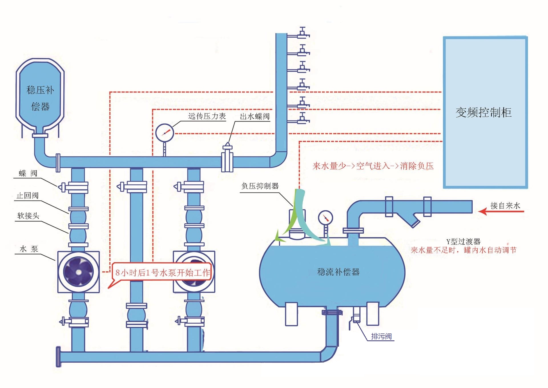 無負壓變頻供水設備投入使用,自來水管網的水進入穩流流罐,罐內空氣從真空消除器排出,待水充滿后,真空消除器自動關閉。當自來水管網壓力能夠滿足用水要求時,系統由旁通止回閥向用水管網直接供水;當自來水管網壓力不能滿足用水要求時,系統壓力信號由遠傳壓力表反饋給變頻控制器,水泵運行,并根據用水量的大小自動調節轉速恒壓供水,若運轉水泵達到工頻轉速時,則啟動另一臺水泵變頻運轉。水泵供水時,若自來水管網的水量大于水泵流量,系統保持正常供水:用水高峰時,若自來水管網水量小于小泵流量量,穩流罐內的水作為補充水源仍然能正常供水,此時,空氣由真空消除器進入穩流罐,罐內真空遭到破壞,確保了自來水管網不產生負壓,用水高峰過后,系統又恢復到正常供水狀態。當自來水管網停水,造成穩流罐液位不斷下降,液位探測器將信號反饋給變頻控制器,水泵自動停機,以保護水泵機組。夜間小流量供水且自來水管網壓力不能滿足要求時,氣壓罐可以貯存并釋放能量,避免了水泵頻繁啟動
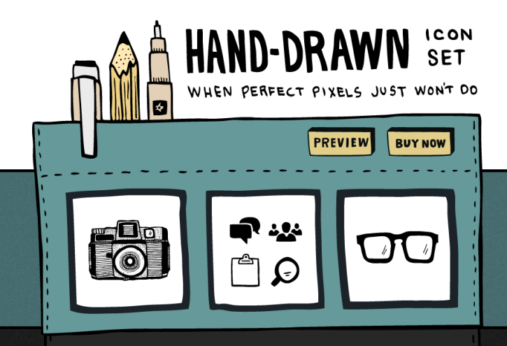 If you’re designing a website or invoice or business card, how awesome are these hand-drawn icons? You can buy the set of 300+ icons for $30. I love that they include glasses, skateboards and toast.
****************
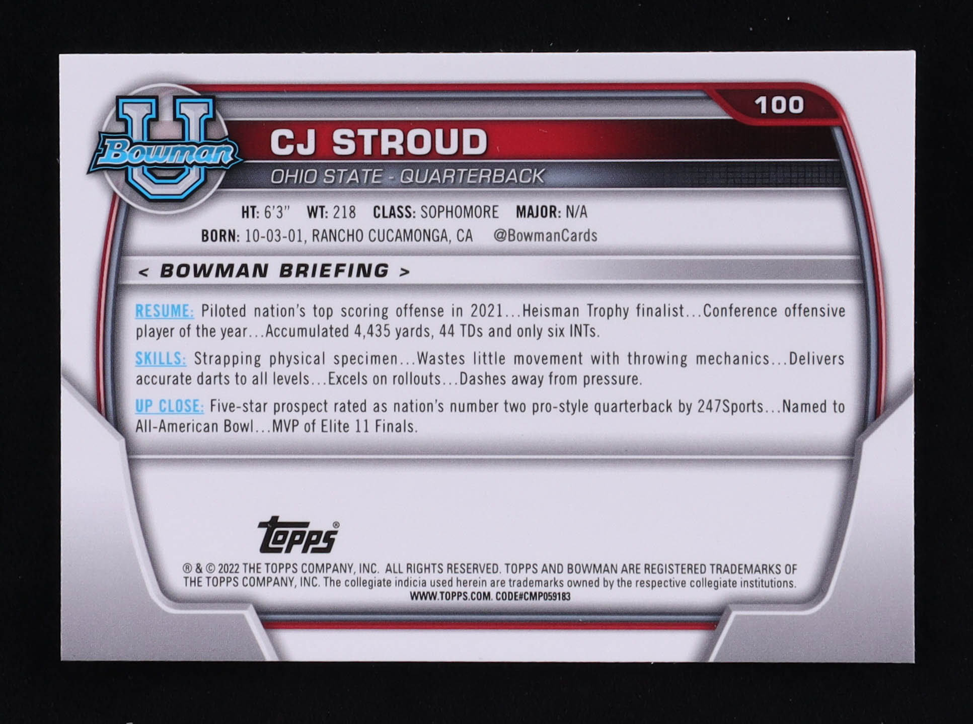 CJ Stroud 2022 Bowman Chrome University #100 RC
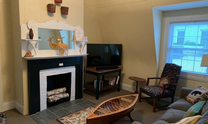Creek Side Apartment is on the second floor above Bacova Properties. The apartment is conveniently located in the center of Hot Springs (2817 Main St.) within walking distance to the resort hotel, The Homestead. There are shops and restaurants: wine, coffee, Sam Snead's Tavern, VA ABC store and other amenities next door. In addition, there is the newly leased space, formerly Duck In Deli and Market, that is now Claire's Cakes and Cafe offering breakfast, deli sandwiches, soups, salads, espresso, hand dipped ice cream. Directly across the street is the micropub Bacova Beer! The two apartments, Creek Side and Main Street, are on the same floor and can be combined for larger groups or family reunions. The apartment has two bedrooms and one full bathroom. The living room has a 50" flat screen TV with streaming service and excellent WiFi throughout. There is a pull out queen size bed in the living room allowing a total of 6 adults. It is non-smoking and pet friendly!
****************
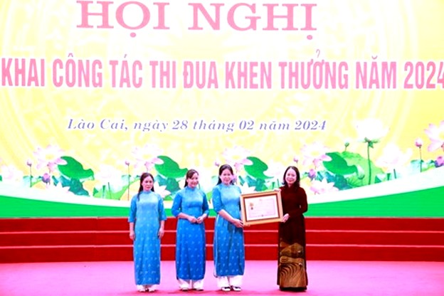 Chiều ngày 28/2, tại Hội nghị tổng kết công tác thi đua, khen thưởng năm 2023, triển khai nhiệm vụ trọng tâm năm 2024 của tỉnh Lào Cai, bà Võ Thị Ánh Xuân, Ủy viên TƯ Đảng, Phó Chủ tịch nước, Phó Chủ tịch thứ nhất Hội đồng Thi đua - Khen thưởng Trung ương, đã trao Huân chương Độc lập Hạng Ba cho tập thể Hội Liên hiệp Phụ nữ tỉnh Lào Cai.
****************
| WHAT TO WORK ON |
Once the line with "無負壓變頻供水設備投入使用,自來水管網的" is found in the data above, reproduce it and each line after it exactly, through the line with "If you’re designing". Omit the pictures.

| WRITTEN SOLUTION |
 無負壓變頻供水設備投入使用,自來水管網的水進入穩流流罐,罐內空氣從真空消除器排出,待水充滿后,真空消除器自動關閉。當自來水管網壓力能夠滿足用水要求時,系統由旁通止回閥向用水管網直接供水;當自來水管網壓力不能滿足用水要求時,系統壓力信號由遠傳壓力表反饋給變頻控制器,水泵運行,并根據用水量的大小自動調節轉速恒壓供水,若運轉水泵達到工頻轉速時,則啟動另一臺水泵變頻運轉。水泵供水時,若自來水管網的水量大于水泵流量,系統保持正常供水:用水高峰時,若自來水管網水量小于小泵流量量,穩流罐內的水作為補充水源仍然能正常供水,此時,空氣由真空消除器進入穩流罐,罐內真空遭到破壞,確保了自來水管網不產生負壓,用水高峰過后,系統又恢復到正常供水狀態。當自來水管網停水,造成穩流罐液位不斷下降,液位探測器將信號反饋給變頻控制器,水泵自動停機,以保護水泵機組。夜間小流量供水且自來水管網壓力不能滿足要求時,氣壓罐可以貯存并釋放能量,避免了水泵頻繁啟動
 If you’re designing a website or invoice or business card, how awesome are these hand-drawn icons? You can buy the set of 300+ icons for $30. I love that they include glasses, skateboards and toast.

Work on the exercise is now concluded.